OpenSuse is great

Hi.
I’ve been “trying” Opensuse since version 9 was released. Every previous distribution have had major problems and I always spent tens of hours trying to resolve. Maybe my wireless card wasn’t detected or configurable, maybe my USB ports didn’t work etc. I always thought “not yet” as far as a viable replacement for the WIndows OS.

But OMG I put 13.1 on my HP i7 12gb notebook a few days ago and this is frikkin’ awesome! I have never had a computer so responsive and fast! The only hardware it didn’t install “right” was my fingerprint sensor… and my speakers sound like a tin can (Sounded great in Win7).
I’ve been doing a lot with it over the past days. I got my minecraft working and made a launch-able desktop icon. So cool.

My present copy of OpenSuse is actually the second.
I originally installed it, then installed Wine and many of the Windows programs I liked/needed. Everything was going great until I went to use my Lightwave 3d from Newtek and it wouldn’t render correctly.

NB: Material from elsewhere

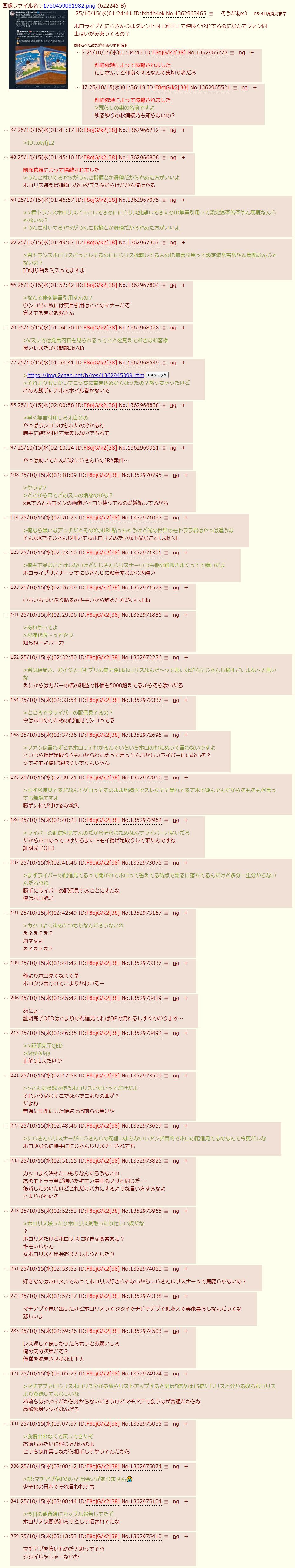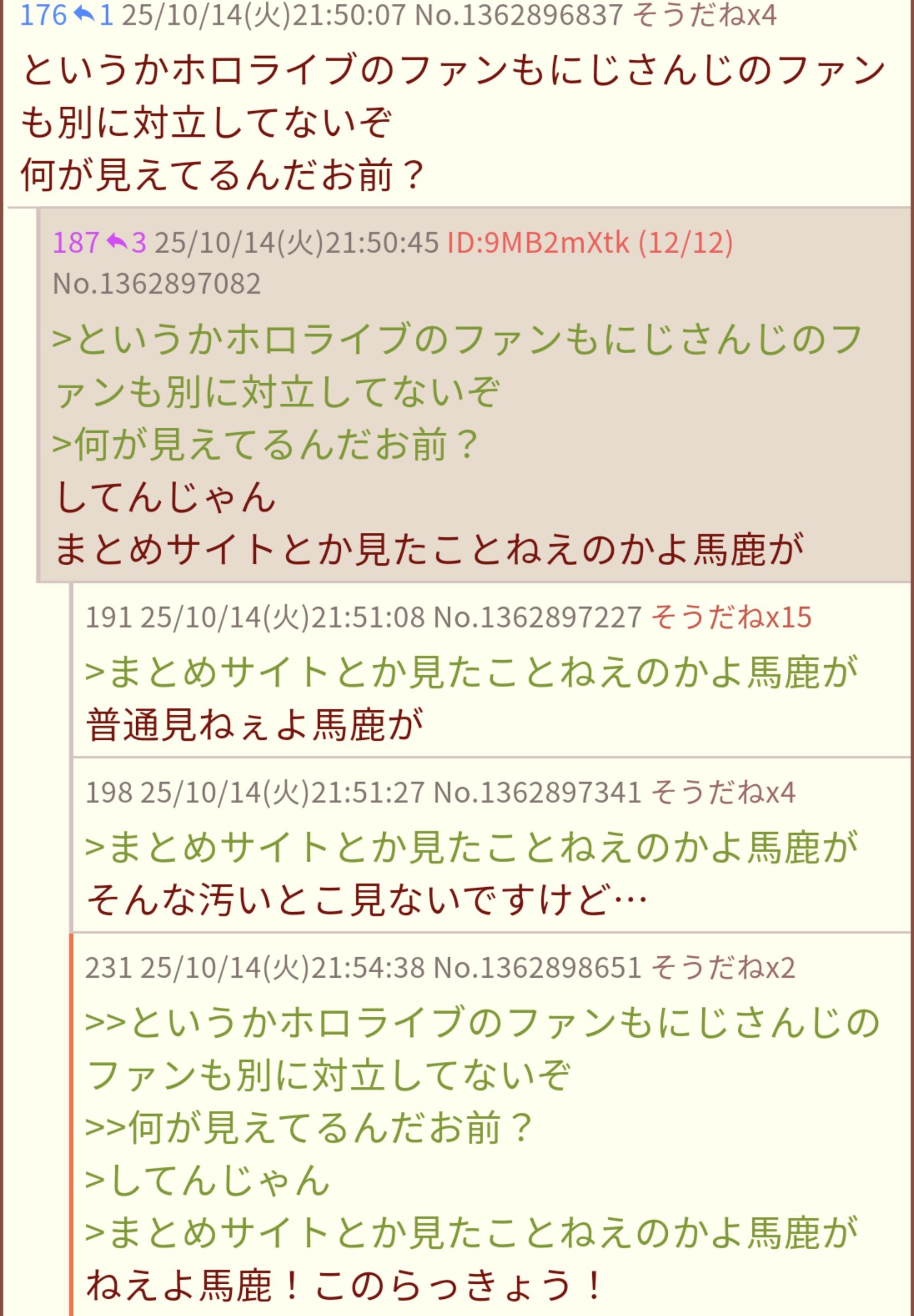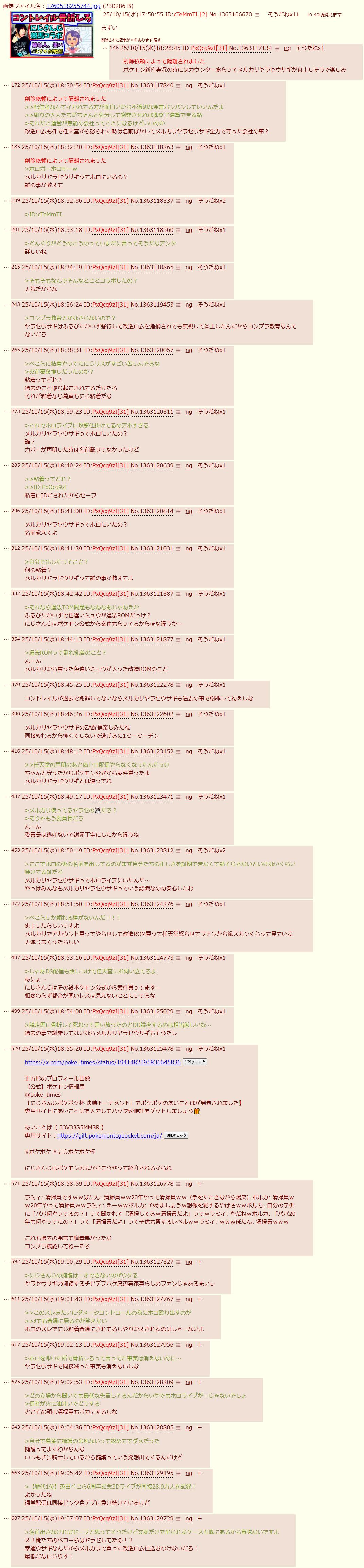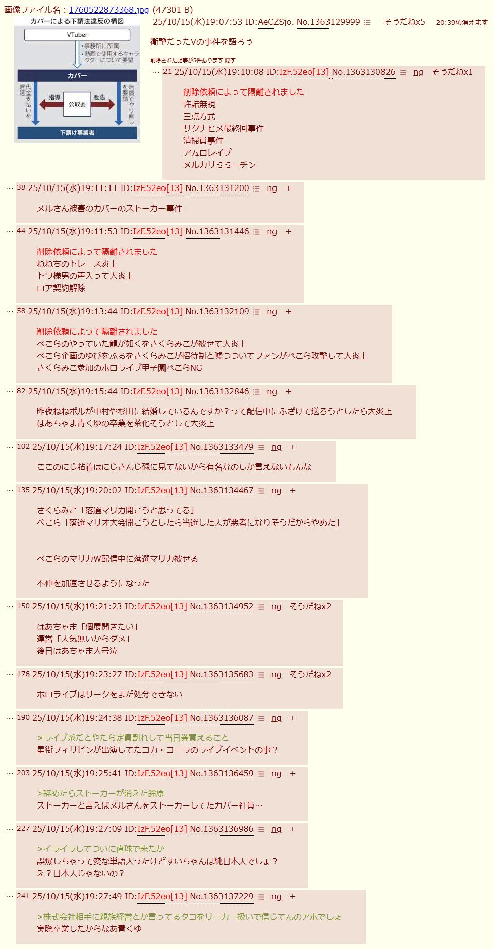 | … | 94025/10/15(水)20:20:56No.1363157249+頑張ってごまかしたところで葛葉含むにじさんじのやらかしはなかったことにならんよ |
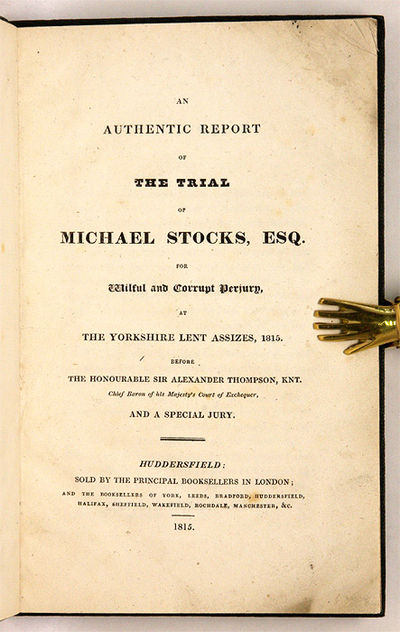 1815. London, 1815. OCLC locates no copies this imprint.. London, 1815. OCLC locates no copies this imprint. Fraud In The Yorkshire Coal Fields [Trial]. Stocks, Michael, Defendant. An Authentic Report Of The Trial Of Michael Stocks, Esq. For Wilful And Corrupt Perjury, At The Yorkshire Lent Assizes, 1815. Before The Honourable Sir Alexander Thompson, Knt. Chief Baron Of His Majesty's Exchequer, And A Special Jury. Huddersfield: Sold by the Principal Booksellers in London; And the Booksellers of York, Leeds, Bradford, Huddersfield, Halifax, Sheffield, Wakefield, Rochdale, Manchester, &c., 1815. 116 pp. Octavo (8-1/4" x 5-1/4"). Stab-stitched pamphlet bound into nineteenth-century unlettered pebbled cloth. Light rubbing to extremities with light wear to spine ends, corners bumped, minor spotting to boards. Light toning to text, finger smudges and light foxing to a few leaves. A very good copy. $500. * First edition, second issue (with the errata all corrected). Stocks was accused of stealing and selling 10,000 tons of coal from mines in Northowram, in the West-Riding of Yorkshire, he owned in partnership with two other men. Stocks was not convicted. The trial details the contractual history of the partnership, such contentious matters as the exact legal boundaries of neighboring mines and coal-pits and the nature of written and verbal agreements. OCLC locates no copies of this imprint. 1 copy located at the Library of Congress.

Oh oh, that’s it… I uninstalled 13.1 and restored Win7 because I need that program to work.

However it took me about 7 hours of Win7 restore work (Uninstall bloat ware, configurations, re-loading, restoring etc) before I realized how horrible Win 7 really is compared to the OpenSuse I had been using for a few days.

Since my Win7 boot manager won’t allow dual booting, I kicked Win 7 to the curb and put 13.1 back on. I’ve been doing a lot of things with it today and learning as much as I can.
I configure Juniper internet backbone routers for a living and am used to certain proprietary console commands but not all that used to Linux Terminal and its commands. Much of it is still foreign.

I admit being a bit frustrated at my previous 13.1 install because I put on so many Windows programs. This time I researched linux equivalents and this is what I found:
Cinelerra for Power Director
QTractor for Cubase
Blender for Lightwave
Shutter for the Windows Snip-it tool
Wine to run Photoshop CS5 (So I can open my .psp files)
Gimp for Photoshop and GIF animation program
Audacity for GoldWave

I think I’ll be happier once I get used to Linux native programs rather than their Windows cousins.

At this point, the biggest hurtle I have is running my favorite game… Skyrim. Any suggestions for a newbee? I couldn’t get it to run under Wine. I installed VirtualBox through Yast and worked a long time getting it going (setting permissions etc) and then it wouldn’t start the XP installation for missing dependencies so I gave up and uninstalled VB.

Right now my biggest pain is the System Tray. Somehow I ended up with the tools (Network connections, speaker, clock etc) which are usually on the right are now on the left. I click the teardrop on the right (to enter the System Tray config) and try to drag the tools to the right but it always just snaps back to the left no matter what I do.
Also, open programs used to appear in the system tray but no more.

How can I get my system tray back to the normal default?
Thanks for any replies in advance!
-Steve

Ok ask distinct questions. Nice story but it is unclear what the real question is.

There should not be any problem dual booting win7 and openSUSE. but it is best to allow openSUSE to control the boot.

You can also install Windows in a VM (virtual machine) which would allow most things except perhaps high level games. Look for VirtualBox. The real advantage is you can be running Windows in a window in Linux this allows you to drag and drop between the two OS’s Unless you require very high video speed and have a real Windows install (not a manufactures image disk) this is a viable alternative.

It is always best to use native apps when you can. Wine should only be a last effort fallback.

Maybe the easiest way is to remove the whole panel and replace it with new one.

Please, please SteveFury61,

You posted this in a technical help forum about Applications. That means that others assume that you post a consise description about a technical problem: what you did, what you expeceted to happen and what happened instead. This preceded by a good descriptive Title of the thread, so that it will lure people that may be competent into reading your problem. The title “Opensuse is great” does nothing of that kind. It lets people think that you misplaced this thread and that it in fact should have been in General Chitchat.

Personaly I lost interest in finding the starting point of your poblem description in the long story before I reached there.

So my advice is:

  1. choose the (sub)forum you where you post with care;
  2. make a short descriptive (keywords!) title to advertise your post to the gurus you need;
  3. describe your problem consise but precise, when possible show computer proof of your statements/conclusions (between CODE tags), best is: what you did, what you expected to happen, what happened intead;
  4. the above leads atomaticaly to this point: use a different thread for every different problem because most certain they go to different (sub)forums, have different titles and in any case the discussion must not be messed up.

And when you just want some freely flowing discussusion about what you like (or not) in openSUSE, feel free to use General Chitchat or even Soapbox. There are always people here who like those kind of threads.

Enter the panel configuration (by clicking that “tear-drop” on the right as you call it), select “Add Widgets”, and add back the task manager widget.

Drag that to the left of the system tray and it will push the tray to the right (the task manager always takes up all available space).